Provided entries —
****

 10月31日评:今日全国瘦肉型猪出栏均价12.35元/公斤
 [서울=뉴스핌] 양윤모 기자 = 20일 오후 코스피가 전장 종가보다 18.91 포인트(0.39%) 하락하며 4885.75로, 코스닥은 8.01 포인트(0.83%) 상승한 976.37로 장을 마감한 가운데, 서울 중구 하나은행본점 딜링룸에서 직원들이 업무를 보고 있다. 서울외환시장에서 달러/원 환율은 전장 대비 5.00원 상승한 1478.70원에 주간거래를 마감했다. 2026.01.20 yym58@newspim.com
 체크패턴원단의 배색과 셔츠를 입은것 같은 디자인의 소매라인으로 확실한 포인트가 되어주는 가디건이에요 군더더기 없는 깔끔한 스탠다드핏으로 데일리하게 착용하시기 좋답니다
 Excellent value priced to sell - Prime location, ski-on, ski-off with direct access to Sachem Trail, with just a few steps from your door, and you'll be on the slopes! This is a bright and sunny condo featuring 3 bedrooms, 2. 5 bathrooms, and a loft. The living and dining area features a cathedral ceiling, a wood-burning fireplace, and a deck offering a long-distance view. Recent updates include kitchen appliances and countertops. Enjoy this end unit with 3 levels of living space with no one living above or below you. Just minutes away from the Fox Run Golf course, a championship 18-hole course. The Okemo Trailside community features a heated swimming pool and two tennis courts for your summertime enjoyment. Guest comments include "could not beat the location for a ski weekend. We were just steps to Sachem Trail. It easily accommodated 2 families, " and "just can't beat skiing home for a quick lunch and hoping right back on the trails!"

****

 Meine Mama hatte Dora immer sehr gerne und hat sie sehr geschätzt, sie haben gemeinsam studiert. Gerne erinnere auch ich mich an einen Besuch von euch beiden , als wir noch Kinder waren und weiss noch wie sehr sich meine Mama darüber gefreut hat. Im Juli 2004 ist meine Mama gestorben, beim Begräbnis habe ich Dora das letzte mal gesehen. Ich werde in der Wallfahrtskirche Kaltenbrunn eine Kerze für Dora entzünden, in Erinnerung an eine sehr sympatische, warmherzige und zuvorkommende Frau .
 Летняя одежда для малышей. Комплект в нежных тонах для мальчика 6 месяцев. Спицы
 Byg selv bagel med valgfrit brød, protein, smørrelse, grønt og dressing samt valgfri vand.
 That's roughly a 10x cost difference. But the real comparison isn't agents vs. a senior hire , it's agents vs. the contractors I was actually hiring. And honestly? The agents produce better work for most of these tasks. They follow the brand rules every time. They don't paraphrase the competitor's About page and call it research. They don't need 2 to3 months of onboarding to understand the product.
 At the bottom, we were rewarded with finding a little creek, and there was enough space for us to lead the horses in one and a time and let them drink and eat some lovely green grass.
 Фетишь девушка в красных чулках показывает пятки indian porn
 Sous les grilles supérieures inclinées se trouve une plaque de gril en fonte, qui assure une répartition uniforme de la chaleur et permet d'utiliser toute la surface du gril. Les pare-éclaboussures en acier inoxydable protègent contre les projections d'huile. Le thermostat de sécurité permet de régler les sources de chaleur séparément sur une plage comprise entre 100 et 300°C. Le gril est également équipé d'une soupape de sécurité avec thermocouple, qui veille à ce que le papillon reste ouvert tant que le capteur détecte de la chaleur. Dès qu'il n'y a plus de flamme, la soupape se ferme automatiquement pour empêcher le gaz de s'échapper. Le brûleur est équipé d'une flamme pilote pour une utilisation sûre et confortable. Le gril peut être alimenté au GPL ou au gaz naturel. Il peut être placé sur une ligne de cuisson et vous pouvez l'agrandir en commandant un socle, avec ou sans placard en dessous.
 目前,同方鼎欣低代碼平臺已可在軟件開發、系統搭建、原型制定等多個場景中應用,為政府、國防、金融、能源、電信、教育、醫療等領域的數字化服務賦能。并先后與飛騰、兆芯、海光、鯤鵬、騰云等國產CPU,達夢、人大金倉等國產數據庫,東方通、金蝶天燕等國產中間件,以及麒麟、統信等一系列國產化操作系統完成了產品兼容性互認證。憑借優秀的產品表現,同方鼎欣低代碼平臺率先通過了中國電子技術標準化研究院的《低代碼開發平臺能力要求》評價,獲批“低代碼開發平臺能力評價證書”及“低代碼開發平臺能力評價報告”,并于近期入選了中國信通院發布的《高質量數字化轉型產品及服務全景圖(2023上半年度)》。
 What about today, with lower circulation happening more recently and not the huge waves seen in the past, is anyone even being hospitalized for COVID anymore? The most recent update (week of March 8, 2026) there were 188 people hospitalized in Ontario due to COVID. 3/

****

Copy out all lines from the material above that contain the string "space".

Exercise response —
 Excellent value priced to sell - Prime location, ski-on, ski-off with direct access to Sachem Trail, with just a few steps from your door, and you'll be on the slopes! This is a bright and sunny condo featuring 3 bedrooms, 2. 5 bathrooms, and a loft. The living and dining area features a cathedral ceiling, a wood-burning fireplace, and a deck offering a long-distance view. Recent updates include kitchen appliances and countertops. Enjoy this end unit with 3 levels of living space with no one living above or below you. Just minutes away from the Fox Run Golf course, a championship 18-hole course. The Okemo Trailside community features a heated swimming pool and two tennis courts for your summertime enjoyment. Guest comments include "could not beat the location for a ski weekend. We were just steps to Sachem Trail. It easily accommodated 2 families, " and "just can't beat skiing home for a quick lunch and hoping right back on the trails!"
 At the bottom, we were rewarded with finding a little creek, and there was enough space for us to lead the horses in one and a time and let them drink and eat some lovely green grass.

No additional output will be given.